Hyperparameter optimization

Settings of the ML methods were adjusted iteratively according to their performance on the development set consisting of data from 2014. Grid search and random search were used to optimise the hyperparameters. The former algorithm exhaustively evaluates all the combinations of hyperparameter values within a specified range and step size. The latter search randomly drew values from specified distributions and kept track of the best-performing ones. The two optimisation methods obtained equivalent sets of hyperparameters leading to almost identical performance of the predictive models, however, the random search converged faster. The models were evaluated based on the area under the receiver operating characteristic curve (AUC), which is a Se-Sp dependence curve. In general, models with AUC of 0.5 can be interpreted as performing similarly to a random guess, models with AUC larger than 0.7 obtain good performance while those with AUC above 0.9 are excellent predictors. The AUC was also used to select the best-performing ML method.

Variable importance

GBT and RF both provide levels of variable importance, referred to as mean decrease of gini impurity (MDG), calculated for every input variable.
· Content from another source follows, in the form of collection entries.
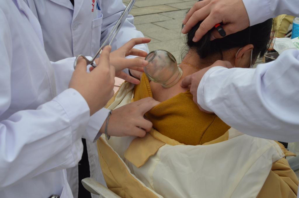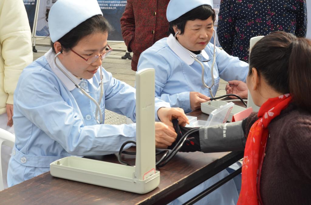 活動(dòng)中,黨員教師帶領(lǐng)學(xué)生志愿服務(wù)隊(duì)成員耐心地為居民測(cè)血壓、量血糖、推拿、拔罐,普及高血壓和糖尿病等慢性病的防治知識(shí)。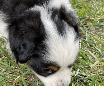 Our puppies include black & white, black tri, and blue merle. Colors will vary depending on the parent dogs.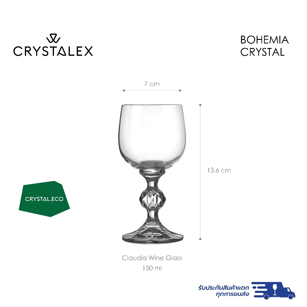 แก้วไวน์ แก้วแชมเปญ แก้วคริสตัล Crystalex Claudia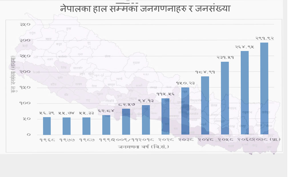 २०५८ सालमा नेपालको जनसंख्या बढेर दुई करोड ३२ लाख ५१ हजार ४२३ पुगेको विभागले जनाएको छ।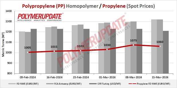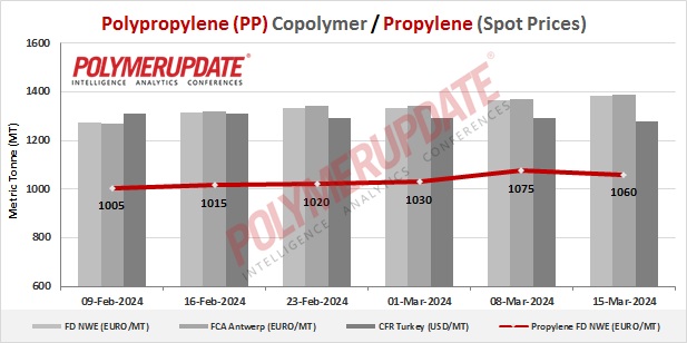 Upstream propylene spot prices on Thursday were assessed at the Euro 1050-1060/mt FD Northwest Europe levels, a week on week fall of Euro (-15/mt).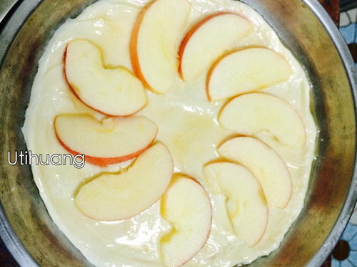 1、面团材料拌匀,水慢慢下,试情况可整成面团即可、接着用切苹果的时间醒面备用、容器或烤盘上点油。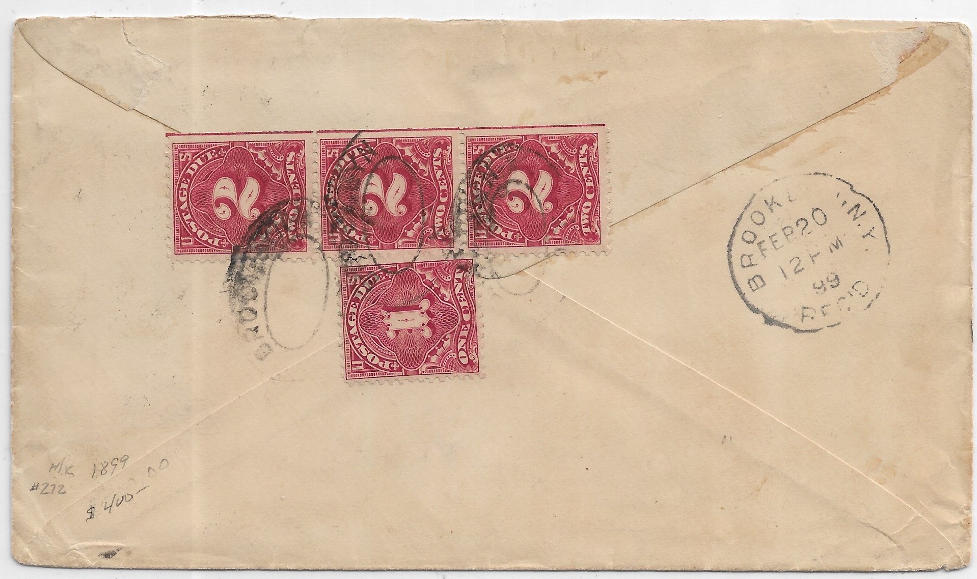 1899 Military Station 1, Ponce, Puerto Rico to Brooklyn, NY, Postage Due on Reverse. back stamped Brooklyn.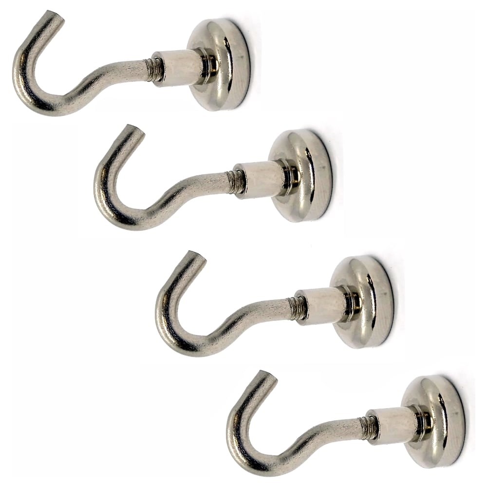 Магнитный крючок ПРОФ-МАГНИТ Е16, 4 шт. PMYP-E-16 имеет маленький размер, диаметр всего 16 мм и высоту 33 мм, может удержать на отрыв вес до 5,5 кг, а на сдвиг до 1,6 кг* (усилие измерялось на стальной пластине толщиной 15 мм). Как и у всех магнитный крючков у Е16 выкручивается стальной крюк и вместо него можно вкрутить болт, шуруп или шпильку с резьбой М4, а также заменить на более длинный крюк или же согнуть стандартный крюк в кольцо. Аккуратный и блестящий внешний вид дает возможность использовать его не только в гараже, подсобных помещениях но и в интерьере дома, квартиры. На этот магнитный крючок можно подвешивать грузы как горизонтально (к примеру, на металлический профиль на потолке) так и вертикально (к примеру, на дверцу холодильника). Обратите внимание, что для максимального магнитного сцепления, толщина металлической поверхности, к которой примагничивается крючок, должна быть не менее 5 мм. Магнитный крючок можно использовать как в помещении, так и на улице в любую погоду. Внимание! Усилие магнитного крючка на отрыв или сдвиг напрямую зависит от поверхности, к которой он примагничивается. Если металл тонкий (тоньше 15 мм), неровный, имеет лакокрасочное покрытие или ржавчину, то сила магнита будет меньше. К примеру, на тонкой дверце холодильника, имеющей лакокрасочное покрытие, усилие на отрыв составляет 2,5 кг, а на сдвиг около 0,3 кг.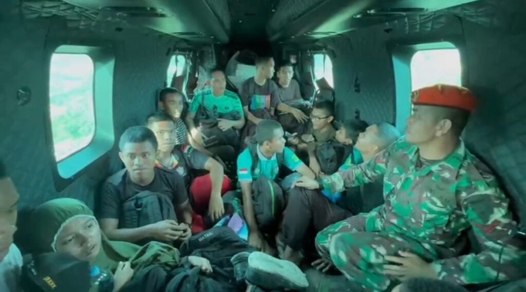 Selanjutnya, para siswa dipindahkan menggunakan pesawat angkut C-130J Super Hercules A-1340 untuk diterbangkan ke Lanud Soewondo, Medan. Langkah ini dilakukan agar para siswa dapat segera memperoleh penanganan lebih lanjut, termasuk pemenuhan kebutuhan dasar, pemeriksaan kesehatan, dan penampungan sementara di lokasi yang aman.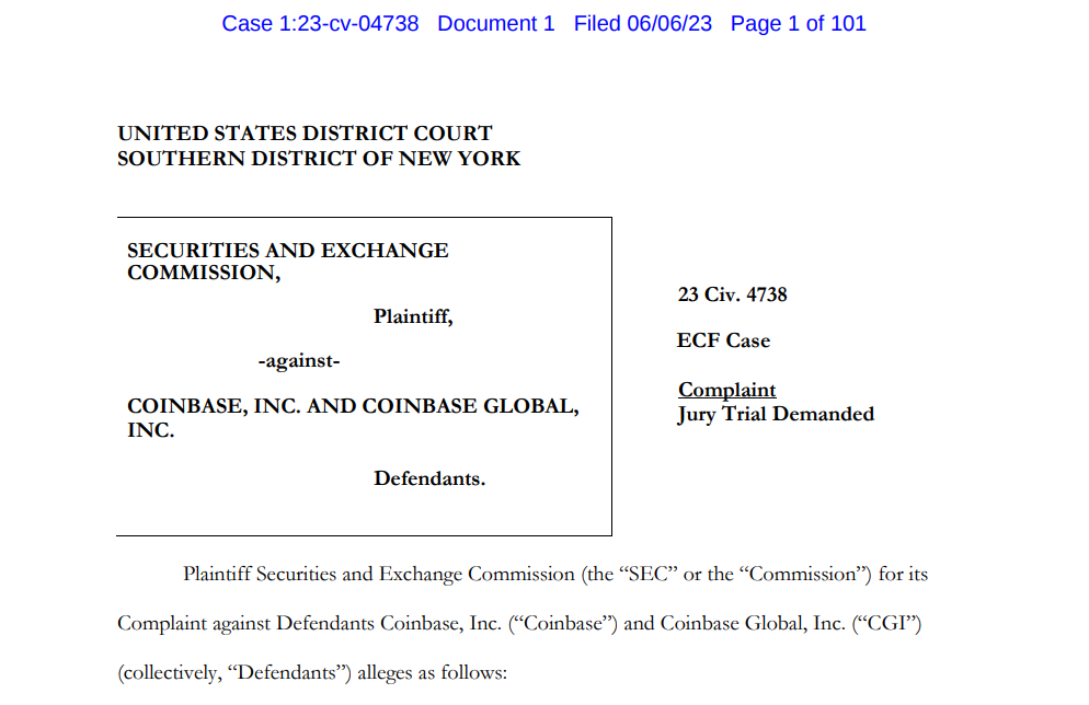 Kryptomenové burzy zažívajú opäť ťažké časy, keďže americká Komisia pre cenné papiere a burzu (SEC) vzniesla žalobu najprv proti Binance a deň na to 6. júna 2023 aj na Coinbase. Podľa správy Finbold regulátor cenných papierov tvrdí, že Coinbase porušil americké zákony o cenných papieroch.

The details of importance calculation are given in the Scikit-learn package documentation33. The variable importance can be intuitively understood as a measure of how much the predictive performance of the model decreases when a specific input variable is removed. A larger decrease in performance implies higher importance of the variable. MDG on its own is not regarded as a robust importance metric, especially if data is intercorrelated i.e., input variables are correlated with each other. In that case, the ranking of input variables in the order of their importance can significantly change after one variable is removed. Iterative variable elimination (IVE), which is a meta-algorithm using MDG as a base importance metric, resolves this issue. IVE iteratively removes the least important input variables one by one, retrains the model and recomputes the MDG variable importance ranking at every step. In this manner, the final variable ranking, which is produced progressing from the least important to the most important variable, is robust to data intercorrelation. IVE was used in this study to obtain the input variable rankings for GBT and RF models.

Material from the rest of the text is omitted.